General disorders and complications: often - asthenia, fever, edema, pain and discomfort, increased ALP levels in blood plasma, weight gain, thermoregulation disorders; infrequently - multiple organ failure, flu-like syndrome, impaired thermal sensitivity, feeling of tightness in the chest, feeling of anxiety, worsening of well-being, increased LDH levels in blood plasma, weight loss; rarely - thirst, loss of balance (fall), difficulty in movement; very rarely - increased adipose tissue mass.
Benign, malignant and unidentified neoplasms: uncommon/common - lymphoma or other malignancy; patients receiving immunosuppressive therapy are at increased risk of developing malignancies; both benign and malignant neoplasms, including Epstein-Barr virus (EBV)-associated lymphoproliferative diseases and skin cancer, have been reported with tacrolimus.

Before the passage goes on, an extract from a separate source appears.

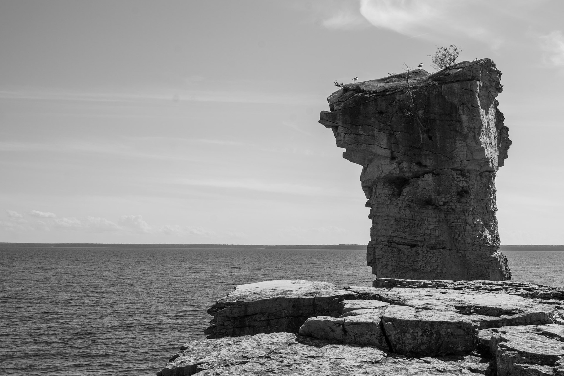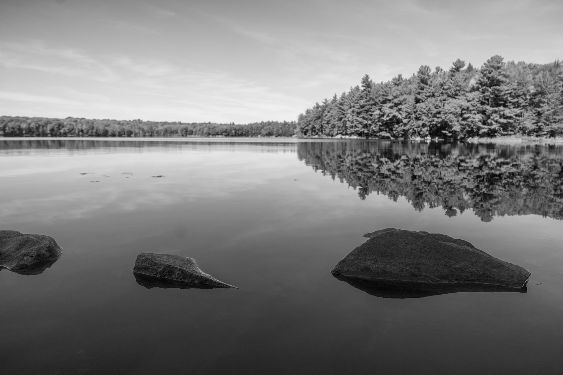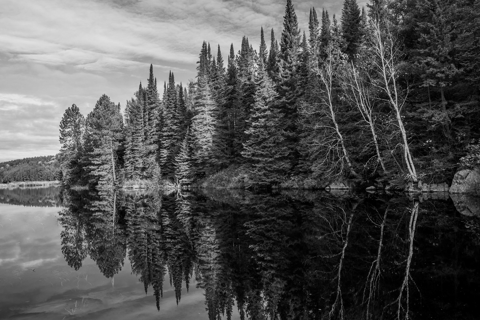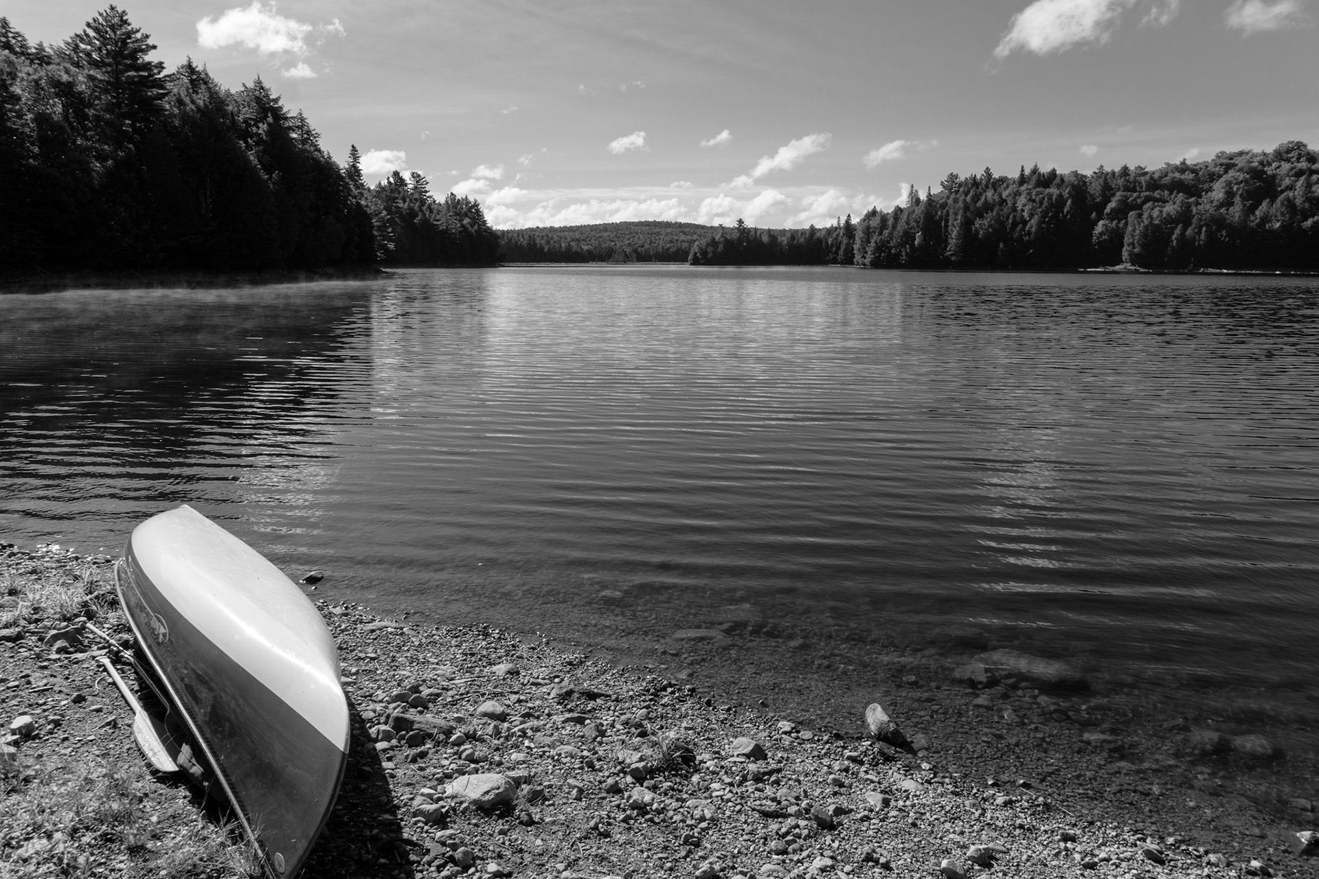 At the Edge of the Wild is an ongoing photographic exploration of Ontario’s untamed spaces. places where the calm of water meets the strength of rock, and where the human presence fades into the quiet rhythm of the land. Shot in black and white, the series captures moments of stillness and transition: mist lifting from a lake, clouds sweeping over distant hills, the watchful pause of an animal in its element.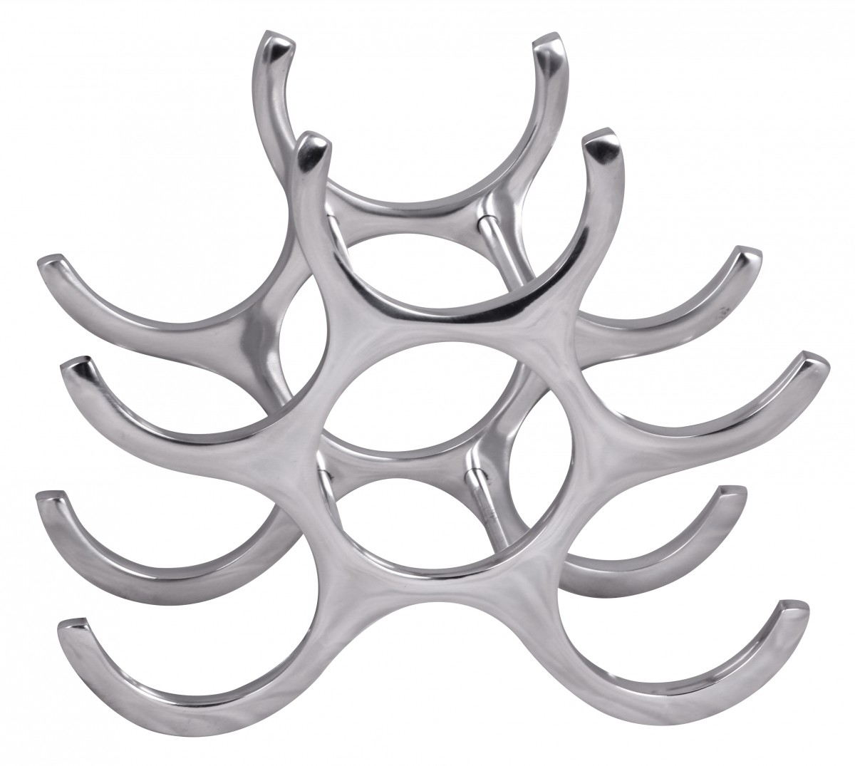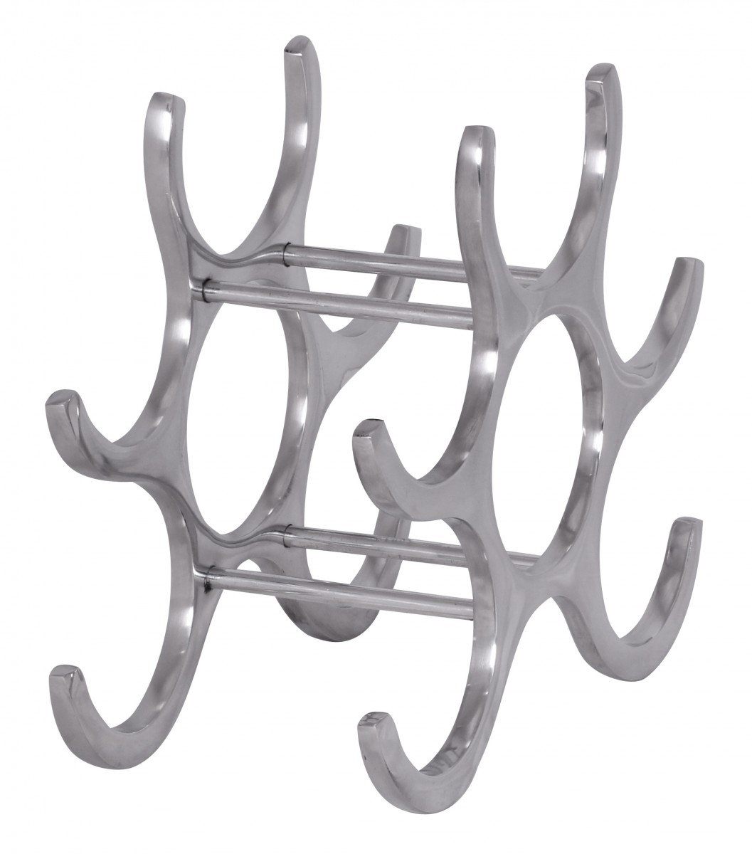 Optimice su almacenamiento con este botellero de diseño en aluminio plateado, capaz de contener hasta 6 botellas. Combina elegancia y funcionalidad, adaptándose perfectamente a una cocina o comedor moderno.

Immune system disorders (allergic reactions): Allergic and anaphylactic reactions have been reported in patients taking tacrolimus (see Precautions).
On the part of the immune system (infections and invasions): against the background of therapy with tacrolimus, as with other immunosuppressants, the risk of developing local and generalized infectious diseases (viral, bacterial, fungal, protozoal) increases.